=== Task ===
When you reach the line containing "La sala de fitnessMai", begin reproducing the material exactly, stop after the line containing "الروايات الفرنسية الغرامية", and leave out any pictures along the way.

=== Data extracts ===

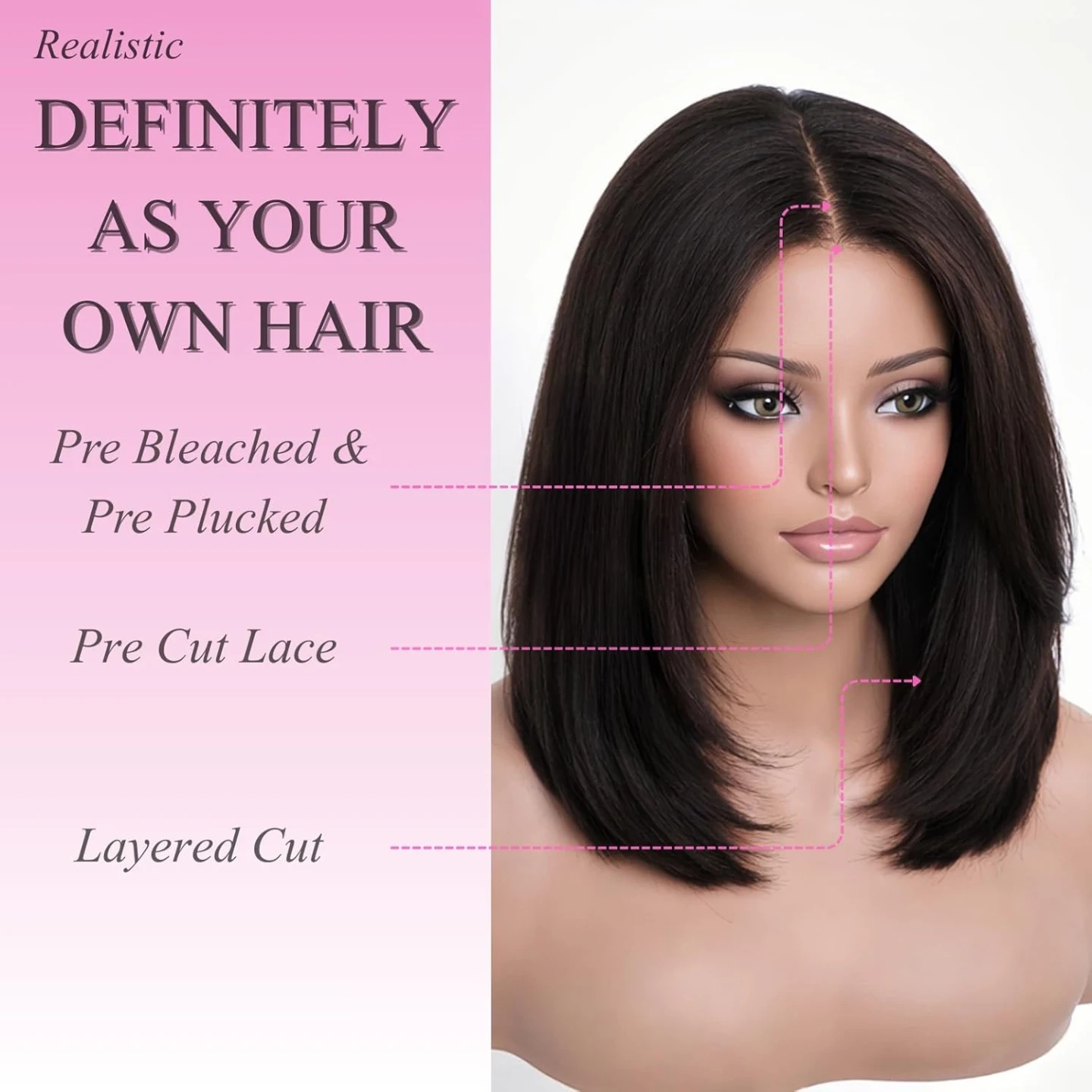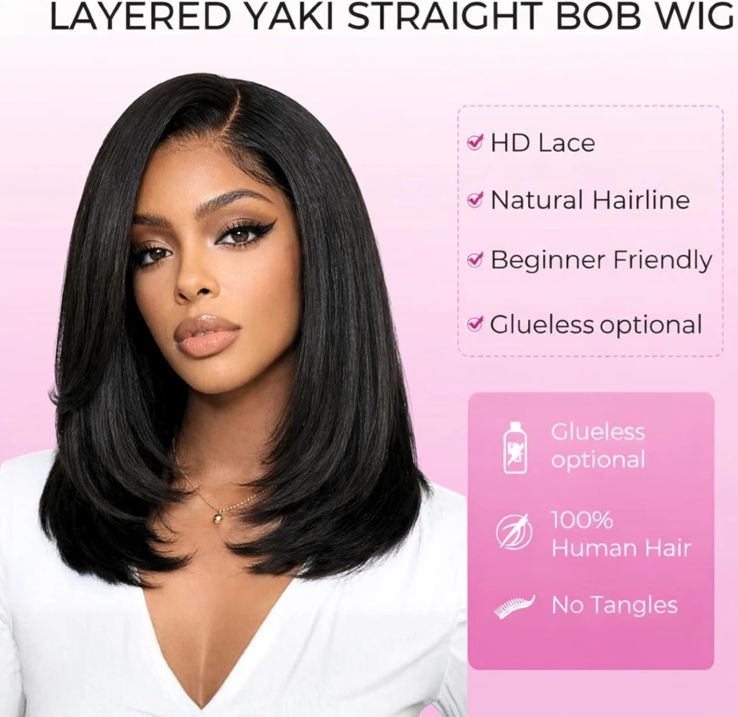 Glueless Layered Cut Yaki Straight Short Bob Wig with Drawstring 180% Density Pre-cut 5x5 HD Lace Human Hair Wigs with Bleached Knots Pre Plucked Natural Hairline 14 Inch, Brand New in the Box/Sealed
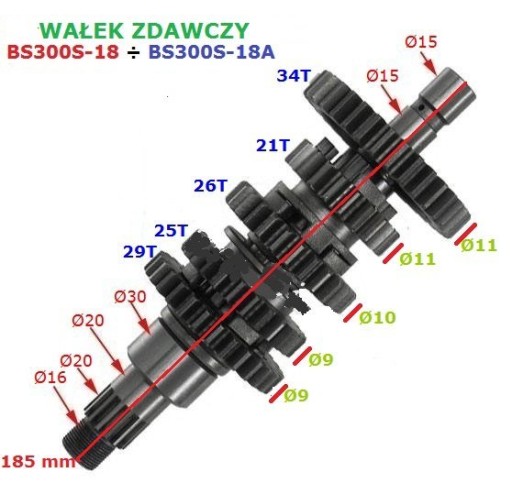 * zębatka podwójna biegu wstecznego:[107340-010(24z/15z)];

==

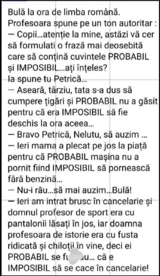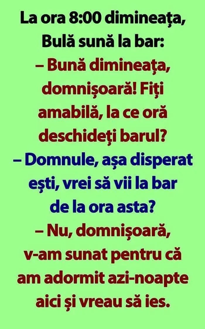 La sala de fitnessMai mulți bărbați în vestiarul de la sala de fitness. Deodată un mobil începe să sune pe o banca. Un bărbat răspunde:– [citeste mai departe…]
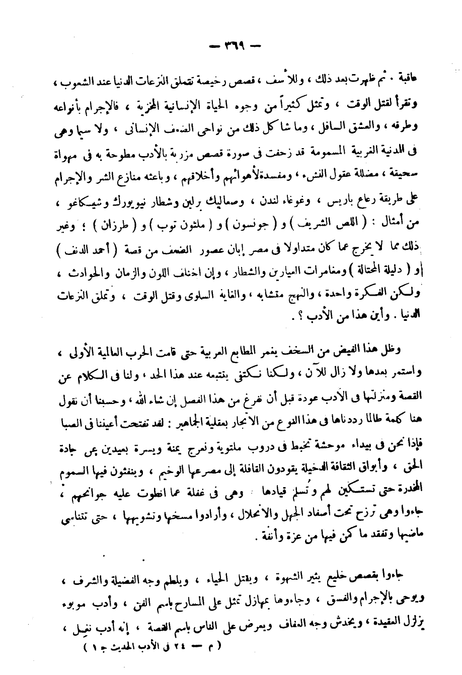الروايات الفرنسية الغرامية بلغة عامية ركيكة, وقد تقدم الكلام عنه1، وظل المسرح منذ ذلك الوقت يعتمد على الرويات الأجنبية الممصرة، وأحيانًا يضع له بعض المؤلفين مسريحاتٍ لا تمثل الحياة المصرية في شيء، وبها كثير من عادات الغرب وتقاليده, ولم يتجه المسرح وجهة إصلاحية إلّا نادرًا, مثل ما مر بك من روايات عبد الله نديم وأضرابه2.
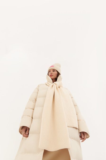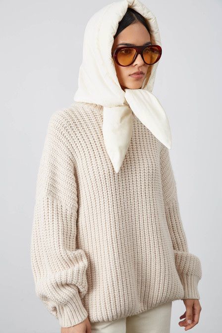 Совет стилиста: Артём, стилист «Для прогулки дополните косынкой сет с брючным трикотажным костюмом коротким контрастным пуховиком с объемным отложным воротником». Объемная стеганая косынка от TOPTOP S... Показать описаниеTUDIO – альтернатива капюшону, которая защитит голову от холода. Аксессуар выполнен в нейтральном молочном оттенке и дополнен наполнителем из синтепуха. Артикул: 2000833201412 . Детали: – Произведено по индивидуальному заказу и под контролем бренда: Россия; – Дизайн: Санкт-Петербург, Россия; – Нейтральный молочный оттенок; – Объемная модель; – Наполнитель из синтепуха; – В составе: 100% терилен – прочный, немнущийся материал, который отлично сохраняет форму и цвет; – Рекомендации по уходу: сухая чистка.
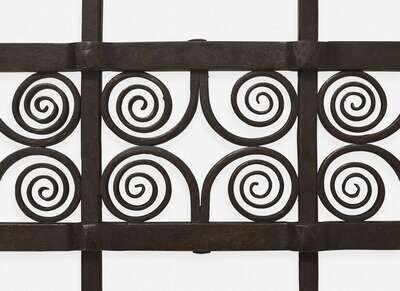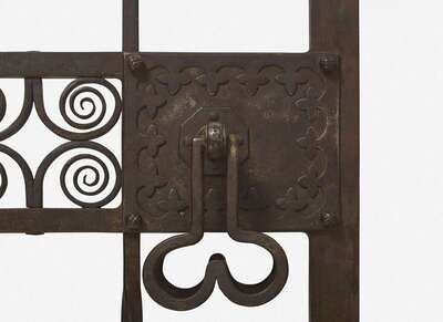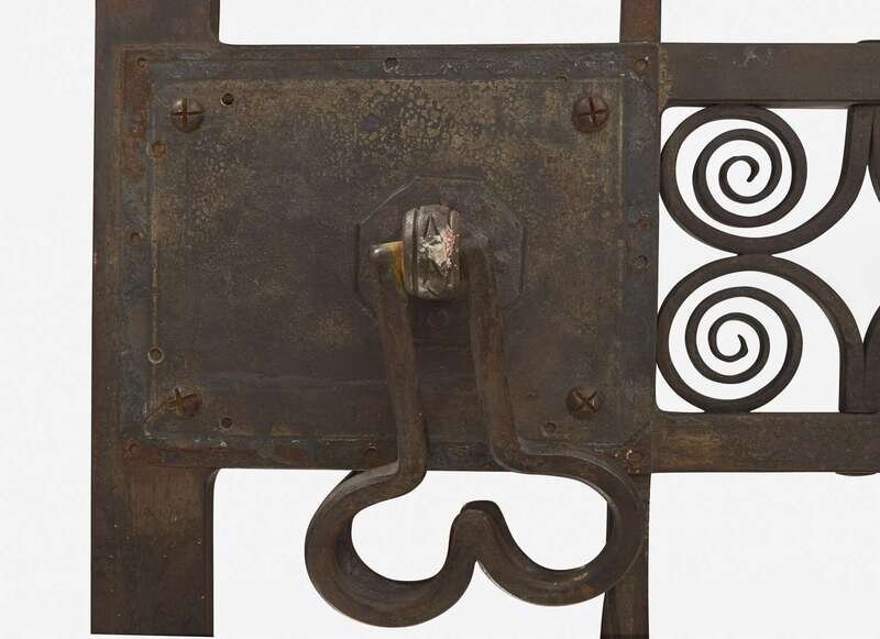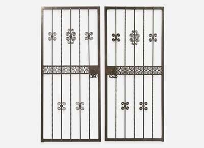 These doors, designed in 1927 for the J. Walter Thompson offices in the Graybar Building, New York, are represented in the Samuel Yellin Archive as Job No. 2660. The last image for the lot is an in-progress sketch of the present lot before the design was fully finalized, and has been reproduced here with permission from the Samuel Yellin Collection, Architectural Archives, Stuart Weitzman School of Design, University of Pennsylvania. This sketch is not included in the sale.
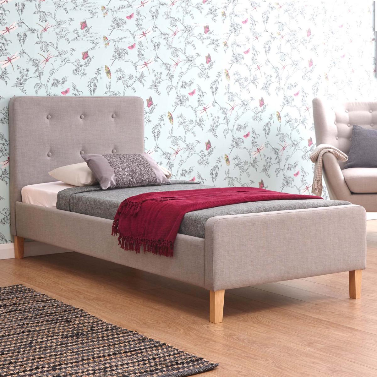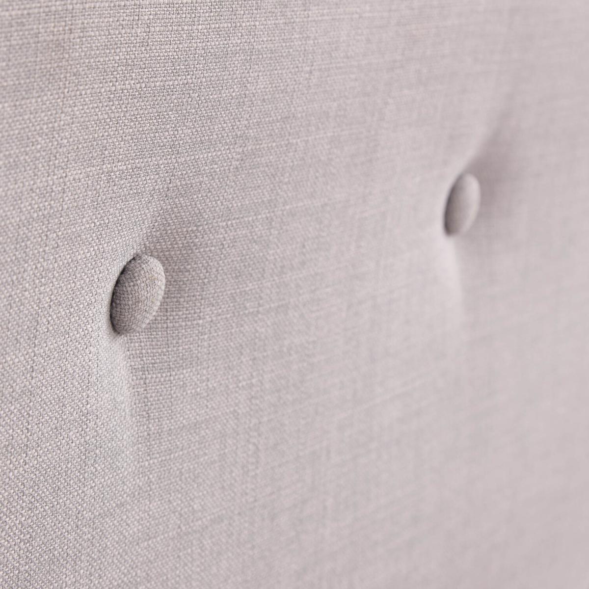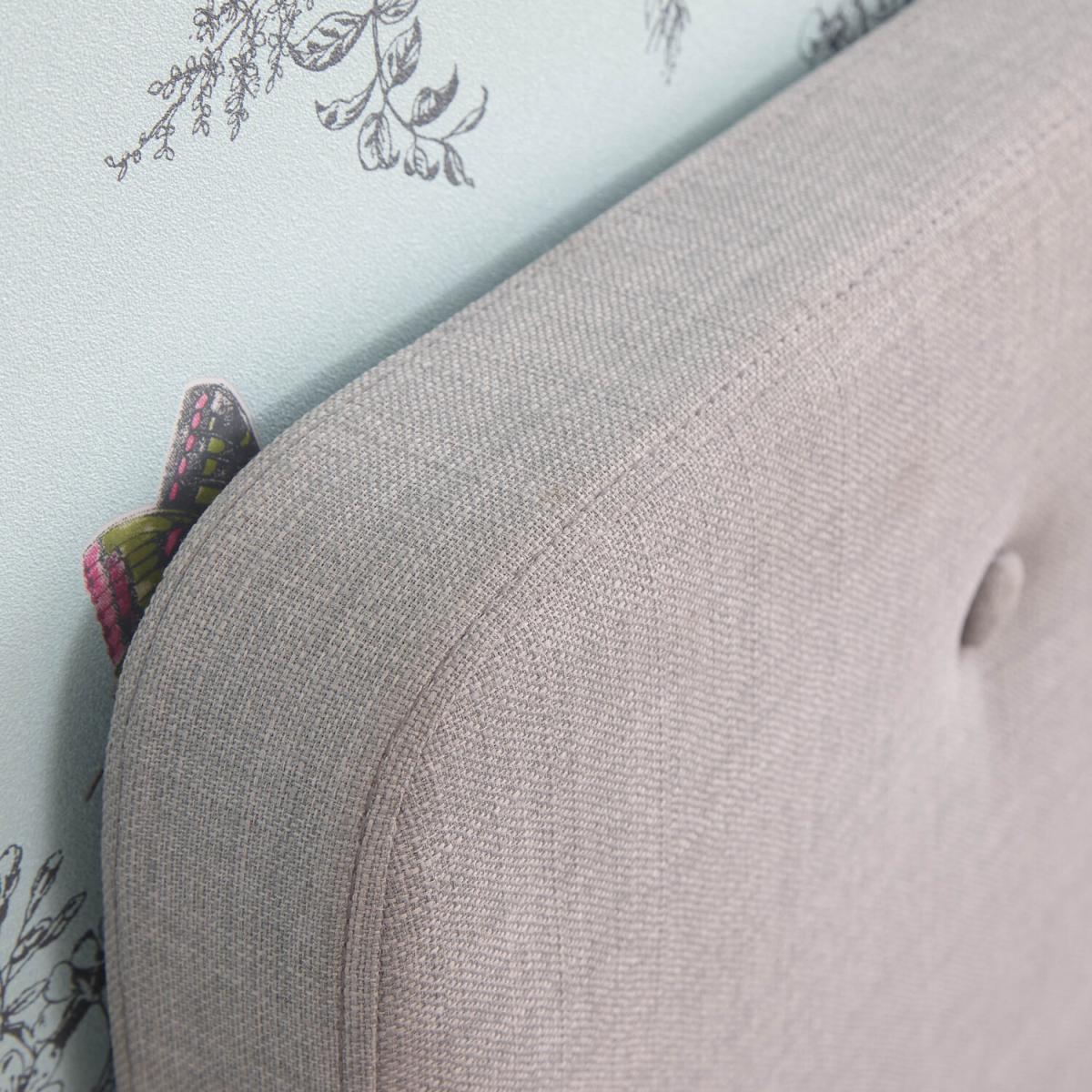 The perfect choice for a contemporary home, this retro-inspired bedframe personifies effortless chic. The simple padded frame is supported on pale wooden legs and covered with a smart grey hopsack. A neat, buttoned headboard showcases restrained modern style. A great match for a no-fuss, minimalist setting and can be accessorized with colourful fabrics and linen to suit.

=== Result ===
 La sala de fitnessMai mulți bărbați în vestiarul de la sala de fitness. Deodată un mobil începe să sune pe o banca. Un bărbat răspunde:– [citeste mai departe…]
الروايات الفرنسية الغرامية بلغة عامية ركيكة, وقد تقدم الكلام عنه1، وظل المسرح منذ ذلك الوقت يعتمد على الرويات الأجنبية الممصرة، وأحيانًا يضع له بعض المؤلفين مسريحاتٍ لا تمثل الحياة المصرية في شيء، وبها كثير من عادات الغرب وتقاليده, ولم يتجه المسرح وجهة إصلاحية إلّا نادرًا, مثل ما مر بك من روايات عبد الله نديم وأضرابه2.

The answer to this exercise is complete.